Reflecting on William Butler Yeats on Easter Sunday

I've been reading through some of the poems of William Butler Yeats, including, coincidentally, Easter 1916, which I read yesterday. Is it still a great poem? Part of the pleasure and interest in reading through some selected Yeats poems comes from watching the evolution of the mind of a poet: from the early somewhat romantic and sentimental work, to an interest in traditional Irish verse and mythology, to the political poems about the Irish uprisings and fights for independence (such as Easter 1916), to the late poems built in part of Yeats's own mythology, and some final poems about age and death, such as Among School Children. Naturally when I was younger I was most drawn to the early poems, including 2 in the Modern Poems (eds Ellman and O'Dair) that I've been reading through: The Like Isle of Inisfree, most of which I can quote from memory thanks to a folk album I had as a teenager - Paths of Victory, By Hamilton Camp - in which he set some poems to his own musical compositions - and When You are Old: strangely, I was really struck by the reference to his loving the "pilgrim soul" of this beautiful woman. I still don't quite know what that means, however, The Irish Uprising poems didn't do much for me when I was younger - and I have to say that now they don't read so well, anyway. Any poem for which we have to look up virtually every name reference is probably not going to last as great verse.

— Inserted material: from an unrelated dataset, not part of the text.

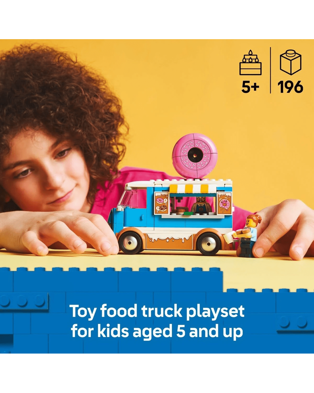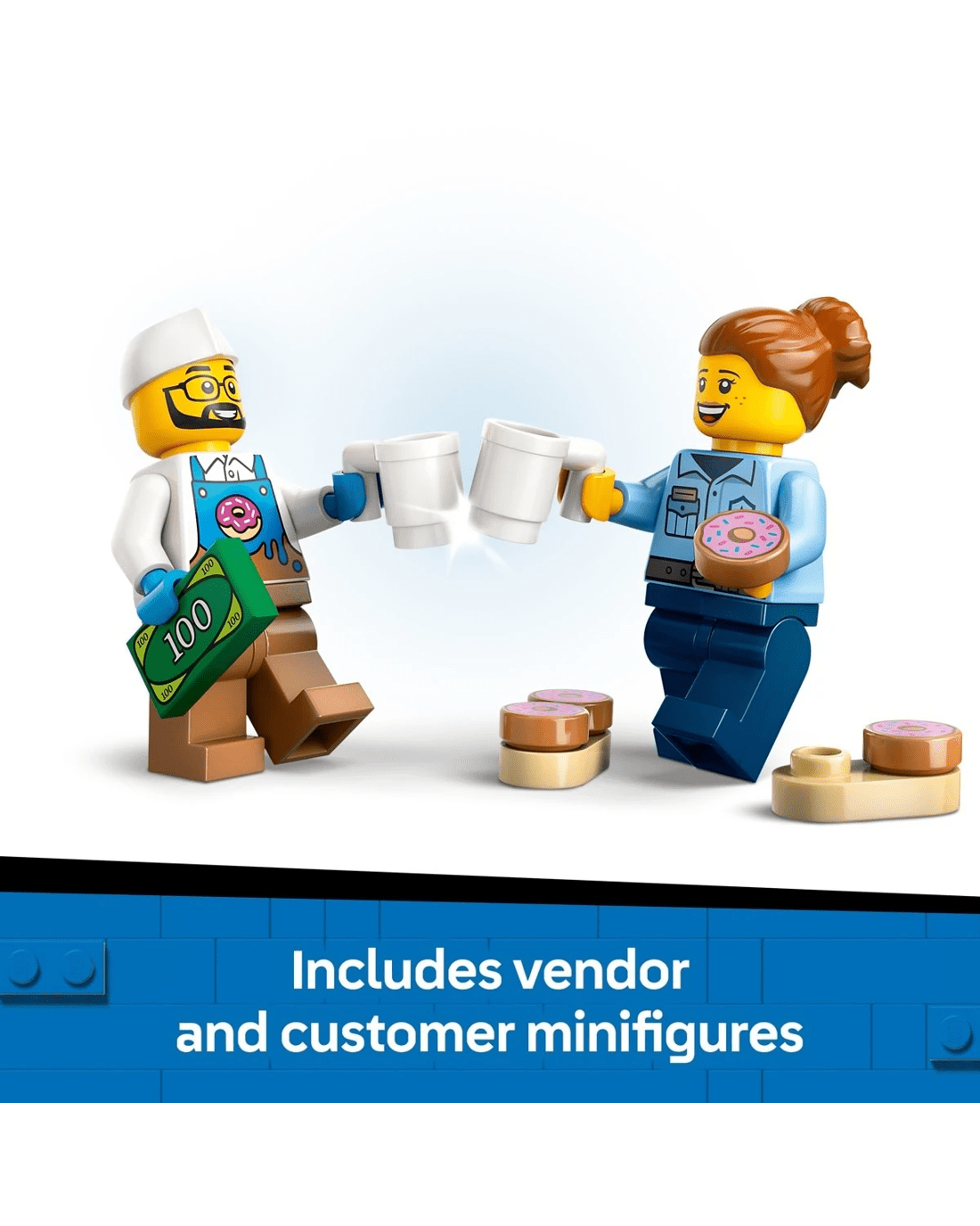 - What's in the box? - This vendor truck playset comes with everything kids need to create a toy doughnut truck with a detachable kiosk, plus seller and customer minifigures and an array of accessories

Yet: Yet, the poem has memorialized the Uprising - which seems so incredible today, Irish freedom fighters jailed and within a month executed by the British state! - in a way that no history book or account can do, has done. "A terrible beauty is born," still rings like the tolling of a bell. Most of all, it's inspiring to think that there was a day when poems such as this could be published in a daily newspaper, and readers would care about the verse and react to it: It was brave of Yeats to publish such incendiary materials; though many of the topical references in his political poetry are today obscure, we read these poems today to keep alive the idea of poets as the "unacknowledged legislators of the race." Any look at any set of current New Yorker poems will show us, sadly, how far we've moved away from that political ideal.